Karena itulah, dengan adanya fintech, masyarakat dapat melakukan aktifitas dari rumah dengan memanfaatkan kemudahan yang diberikan oleh perusahan penyedia fintech, utamanya dalam hal pemberian modal.
Jika ditelusuri, sejarah perkembangan fintech telah dimulai pada tahun 2005. Dimana pada saat itu, di Eropa, tepatnya di Inggris, perusahaan fintech mulai bermunculan dalam bentuk P2P. Karena dirasa sangat berkembang di Eropa, pada awal tahun 2006, Amerika Serikat menyusul mengembangkan fintech, awal muncul perkembangannya adalah Prosper Marketplace Lending Club.
Barulah menyusul perkembangannya di China dalam bentuk P2P Lending, pada tahun-tahun berikutnya, perkembangan fintech sangatlah pesat dan akhirnya muncul di Indonesia pada tahun 2015 melalui AFI (Asosiasi Fintech Indonesia) yang bertujuan untuk menyediakan partner bisnis yang mumpuni.
Kehadiran AFI menjadi salah satu pemicu perkembangan fintech di Indonesia tepatnya pada tahun 2016, nama perusahaan fintech bermunculan setelah itu.

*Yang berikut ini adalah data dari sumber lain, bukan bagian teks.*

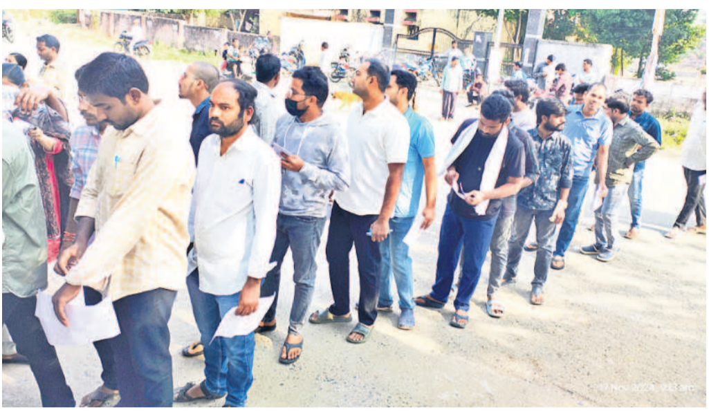
ఆదిలాబాద్ పరీక్ష కేంద్ర వద్ద క్యూలో నిల్వన్న అభ్యర్థులు

నికి డబ్బు, మద్యం ఇతర సామగ్రి చేరవేయడానికి చెక్ పోస్టుల ద్వారా వివిధ శాఖల సమన్వయంతో సమర్థవంతంగా నియంత్రించాలన్నారు. మహారాష్ట్ర నుంచి తెలంగాణ రాష్ట్రంలోకి ప్రవేశించే ప్రతి వాహనాన్ని క్షణంగా పరిశీలించాలని ఆదేశించారు. వాహనాల తనిఖీల సమయంలో వీడియో గ్రఫీ తీసుకోవాలన్నారు. సరిహద్దుల వద్ద ఉన్న చెక్ పోస్టులలో విధులు నిర్వహించే సిబ్బందికి అవసరమైన సదుపాయాల గురించి పోలీసు అధికారులకు పలు సూచనలు చేశారు. ఇందులో ఎస్ఐ శ్రీకాంత్ పాల్గొన్నారు.

Saat ini fintech yang terdaftar di OJK sebanyak 152, namun yang tidak terdaftar atau ilegal bermunculan lebih dari itu.
Keuntungan dan kekurangan fintech pun beragam. Dimana keuntungan yang dimiliki oleh fintech salah satunya adalah mudah dalam melayani konsumen, informasi cepat dan murah, proses cepat, pelayanan efisien. Sedangkan, kekurangan yang dimiliki fintech salah satunya adalah wajib terkoneksi internet, hanya menjangkau pebisnis yang melek internet, rawan penipuan, biaya tinggi, data pribadi dapat diakses aplikasi pinjaman online.
Terdapat banyak kekurangan yang dimiliki oleh fintech, namun dalam beberapa sumber menyebutkan bahwa peran penting fintech dalam UMKM sebanyak 70%. Menurut Otoritas Jasa Keuangan (OJK) per juni 2018, menyatakan bahwa aliran pinjaman dari berbagai penyelenggara jasa fintech telah mencapai Rp. 7,64 Triliun.
Dengan demikian maka, sebanyak 5,35 triliun atau 70% dana mengalir ke pedagang eceran. Sehingga peran penting yang dimiliki fintech terhadap UMKM sangat beragam.
Namun banyak pula yang mengeluhkan bahwa bunga yang dirasa mencekik sehingga sangat menyusahkan para peminjam, ada pula yang merasa penagih hutang sangat meresahkan para peminjam.
Diketahui dari beberapa sumber bahwa peminjam fintech didapati banyak yang berusia 19-34 tahun atau sekitar 70,07%, dengan kata lain banyak peminjam fintech berasal dari peminjam yang berusia produktif.
Dengan demikian dapat disimpulkan bahwa fintech hanya media yang membantu keuangan sementara. Namun kemudahan yang diberikan oleh perusahan fintech harus dibayar dengan biaya bunga yang tinggi dan mencekik para peminjam.